A hybrid approach for enhancing pseudo-labeling in medical images through pseudo-label refinement
Bibliographic record
Abstract
Segmentation of medical images is critical for the evaluation, diagnosis, and treatment of various medical conditions. While deep learning-based approaches are the dominant methodology, they rely heavily on abundant labeled data and face significant challenges when data is limited. Semi-supervised learning methods mitigate this issue but there are still some challenges associated with them. Additionally, these approaches can be improved specifically for medical images considering their unique properties (e.g., smooth boundaries). In this work, we adapt and enhance the well-established pseudo-labeling approach specifically for medical image segmentation. Our exploration consists of modifying the network's loss function, pruning the pseudo-labels, and refining pseudo-labels by integrating traditional image processing methods with semi-supervised learning. This integration enables traditional segmentation techniques to complement deep semi-supervised methods, particularly in capturing fine edges where deep models often struggle.

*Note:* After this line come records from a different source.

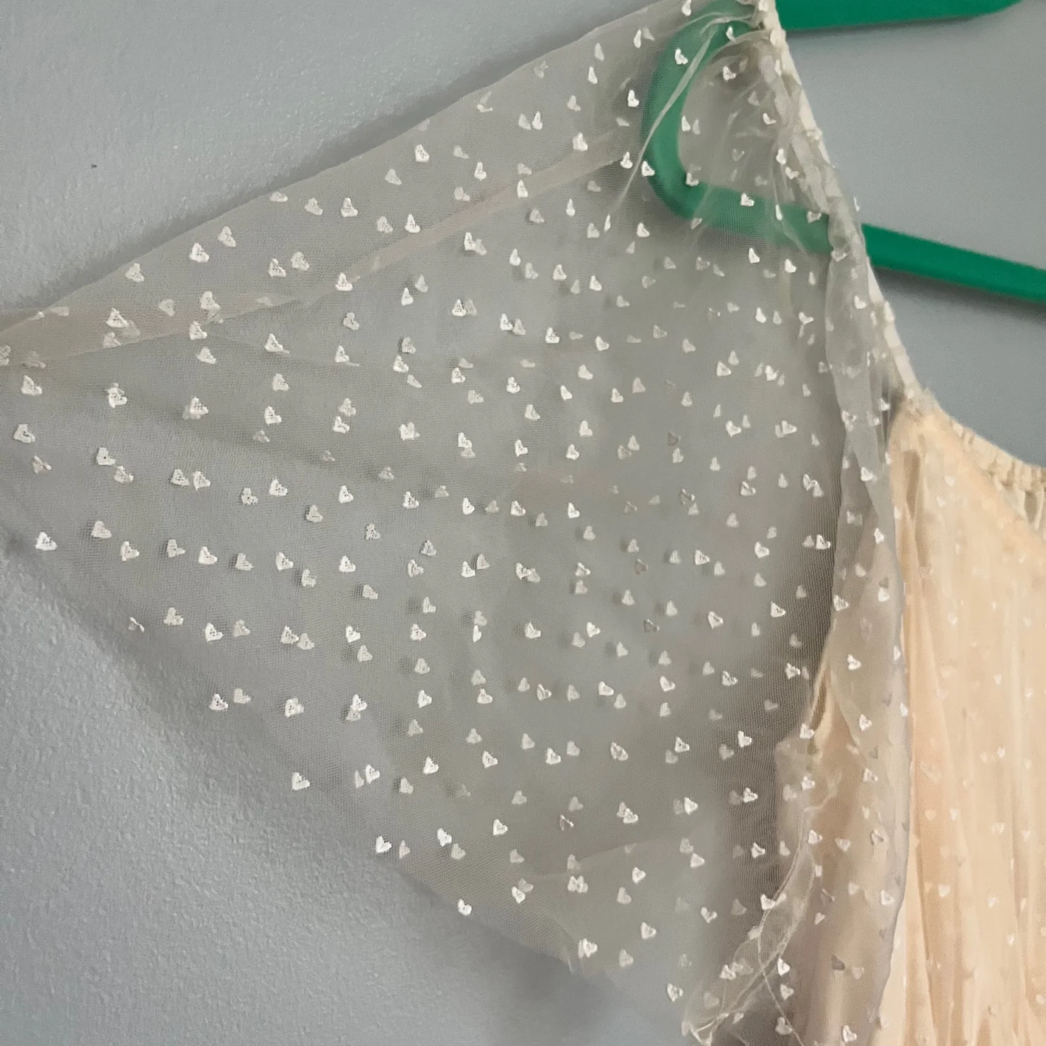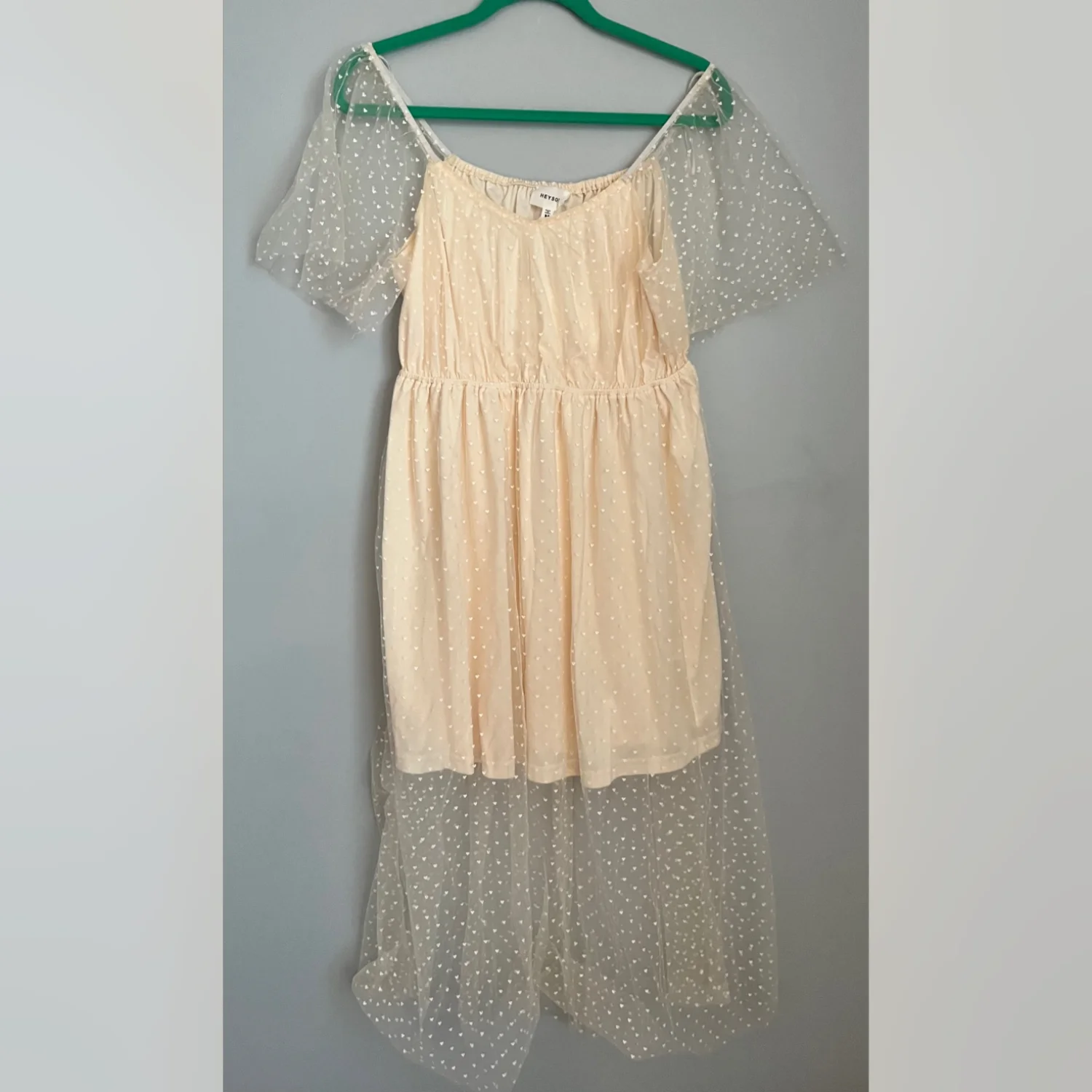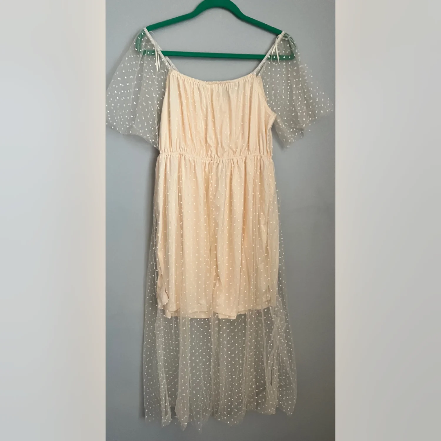 The Heyson Ivory Heart Pattern Tulle Maxi Dress is a stunning piece perfect for parties or casual wear. This dress features a delicate heart pattern on a sheer tulle fabric, with short flutter sleeves and a square neckline for a feminine touch. The long dress length and lightweight material make it ideal for summer and spring seasons, adding a touch of princessy charm to your wardrobe. A delicate cream midi dress with sheer polka-dot overlay for a romantic look. Romantic Coquette Cottagecore Lace
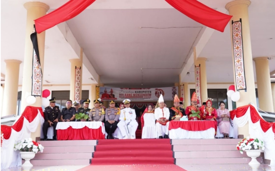 Penjabat Bupati (Pj) Ir Limi Mokodompit MM, bertindak sebagai Inspektur Upacara (Irup) di Hut tersebut, dengan menggunakan pakaian adat khas daerah Bolaang Mongondow di dampingi istri tercintanya.
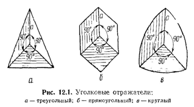 Для треугольных, прямоугольных и секторных уголковых отражателей максимальные ЭПР соответственно будут (a – длина ребра отражателя):
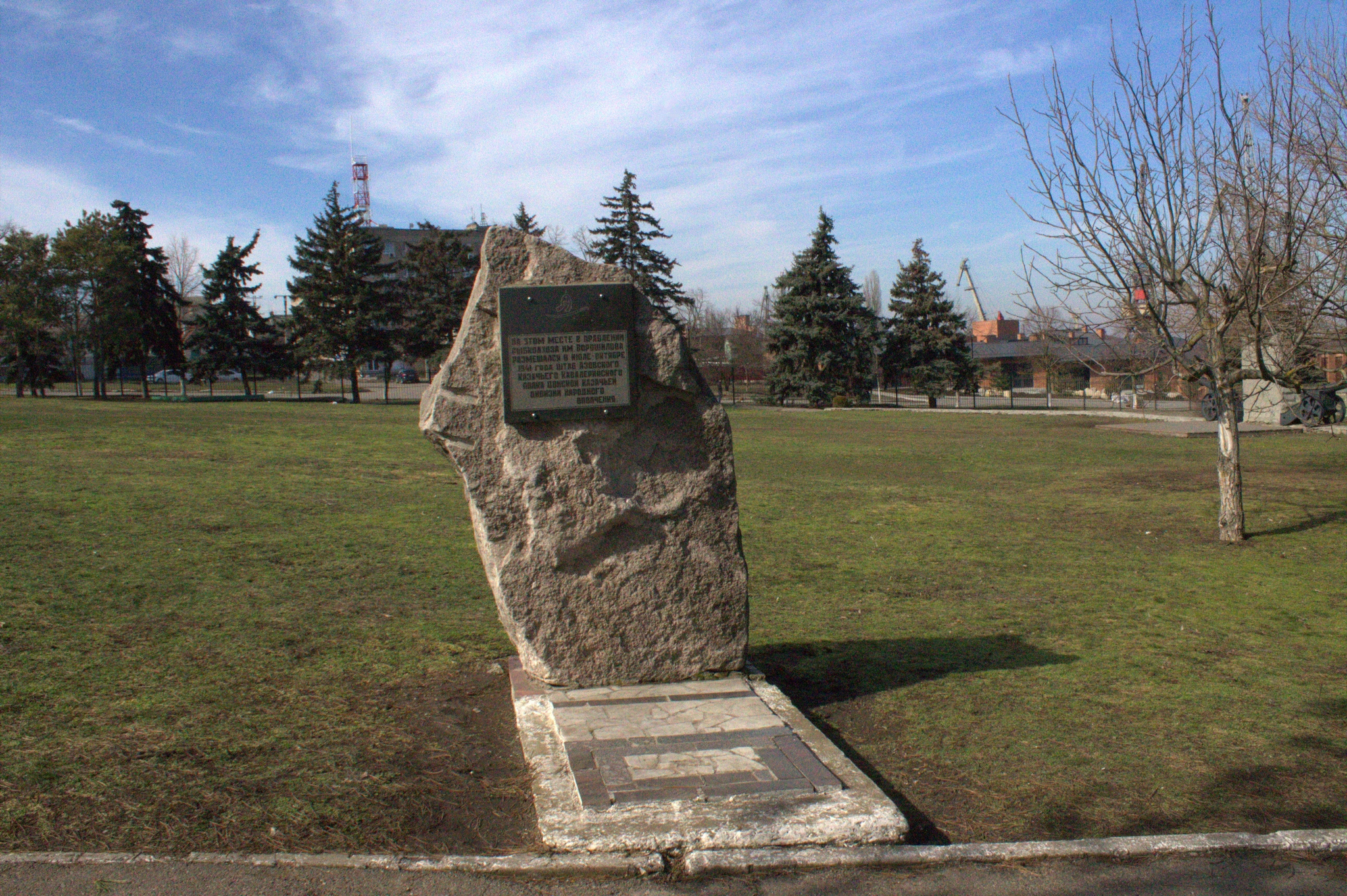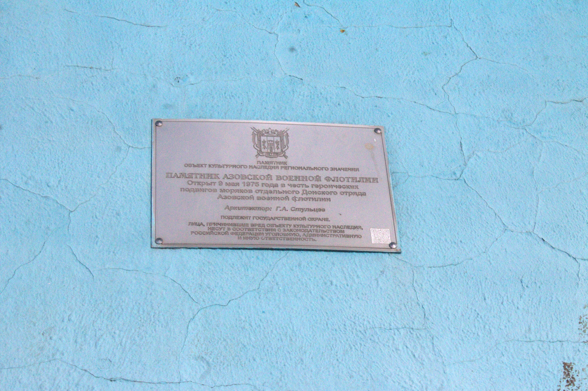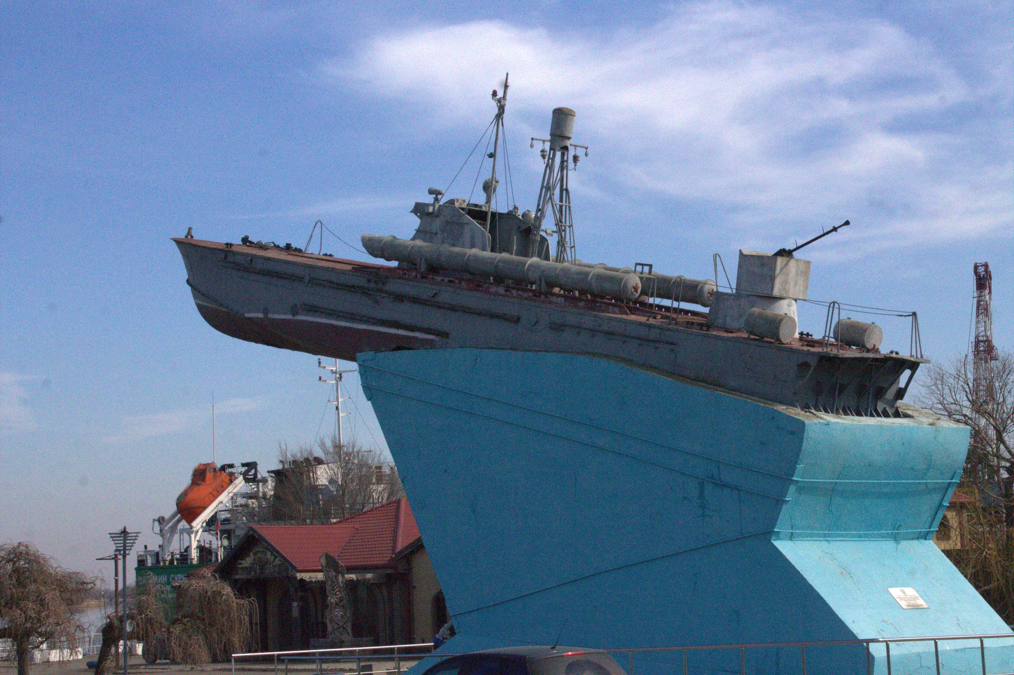 На противоположном выходе из парка можно увидеть памятник Азовской военной флотилии. К сожалению, следят за памятником сильно хуже, и торпедный катер, установленный на пьедестал, нуждается как минимум в покраске.

It also incorporates the smoothness of the edges in the segmentation and achieves a balance between deep learning and traditional methods through tunable parameters. Moreover, to address the problem of noisy or unreliable pseudo-labels, we utilize uncertainty-based pixel-level and image-level pruning of the pseudo-labels using a specific loss function, thereby improving the accuracy and robustness of the segmentation. We evaluated our approach on three different datasets from two imaging modalities (CT and MRI) and demonstrated its superior performance, highlighting its accuracy and robustness in the presence of limited labeled data. With only 15% of the labeled data, on the Sunnybrook Cardiac dataset, our approaches increased endocardium segmentation accuracy from 82.1% to 87.5%, and epicardium segmentation from 82.5% to 86.7%. On the COVID-19 CT lung and infection segmentation dataset, our approach improved left lung segmentation accuracy from 72.5% to 79.3%, and right lung segmentation from 75.8% to 81.6% when using only 15% of labeled data. On the Automated Cardiac Diagnostic Challenge dataset, with just 10% of labeled data, our approach increased endocardium segmentation from 91% to 93.7%, myocardium from 69.8% to 74.5%, and right ventricle from 76.7% to 82.1%. Our codes will be published in https://github.com/behnam-rahmati .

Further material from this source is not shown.